If you are lucky, that process can be benign and you get a virtuous cycle of growth and development. If unlucky, it goes the other way round. In one simple sentence Jalan sums up the essence of this book: "If there were no legal and administrative delays, and corruption had been reduced substantially, then India’s growth rate in the past two decades would have been closer to eight per cent rather than six per cent. This would have brought India’s economic progress quite close to that of China, and set the pattern for even higher growth rates in the future."
So, what’s the upshot? Double digit ain’t gonna happen soon.
Is this book the product of an year’s frustrating din in Parliament for Governor Jalan? Not true. This book was in the making in Jalan’s mind for a long time. It took liberation from office for him to put pen to paper. Jalan is not the typical number-crunching, model-building economist. Nor was he a pure technocrat during his many years in government. He is the modern-day version of the original 19th century economist—a practitioner of political economy.
I recall my discussions over Yojana Bhavan dosa and India Coffee House caffeine in Jalan’s corner room during his days in the Prime Minister’s Economic Advisory Council. I was an academic-turned-journalist eager to understand New Delhi’s labyrinthine ways of policymaking and Jalan was a helpful teacher.
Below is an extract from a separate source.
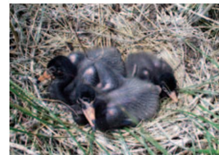
White ibis adults and chicks.
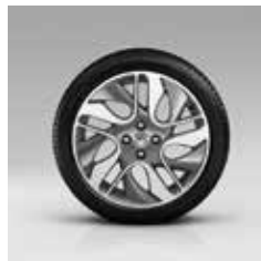
Tech Run 17" alloy wheels*

Economics is not a science but an art, Jalan would tell me, and the essence of economic policymaking is politics. If politics is the art of the possible, I surmised, economics must be the art of the desirable. Those long years in office seem to have convinced economist Jalan that if economists have to deliver, one has to get the politics right. Governance, party politics, administrative systems, et al. This book is the product of all those years of reflection.
Jalan writes with ease and in a language accessible to the lay person. So this is not an economist’s book for economists. It is an economic policymaker’s book for fellow parliamentarians, colleagues in the civil service and opinion-makers in the media. It doesn’t tell us much about why things work as they do, nor about how exactly we can set them right. So it is not a "how it works" or a "how to do it", much less a "fix it yourself" book, as much as it is a "why it does not work" and "what are the consequences" book.
It, meaning the economy, doesn’t work, says Jalan, because we have made many mistakes in the way we govern ourselves. The corruption and politicisation of the bureaucracy, an over-burdened judiciary (being a judge’s son and a lawyer’s father, Jalan is gingerly in his scanning of the judiciary!), the politics of ‘distributional coalitions’, the anarchy of coalition politics and the myth of collective responsibility, and so on.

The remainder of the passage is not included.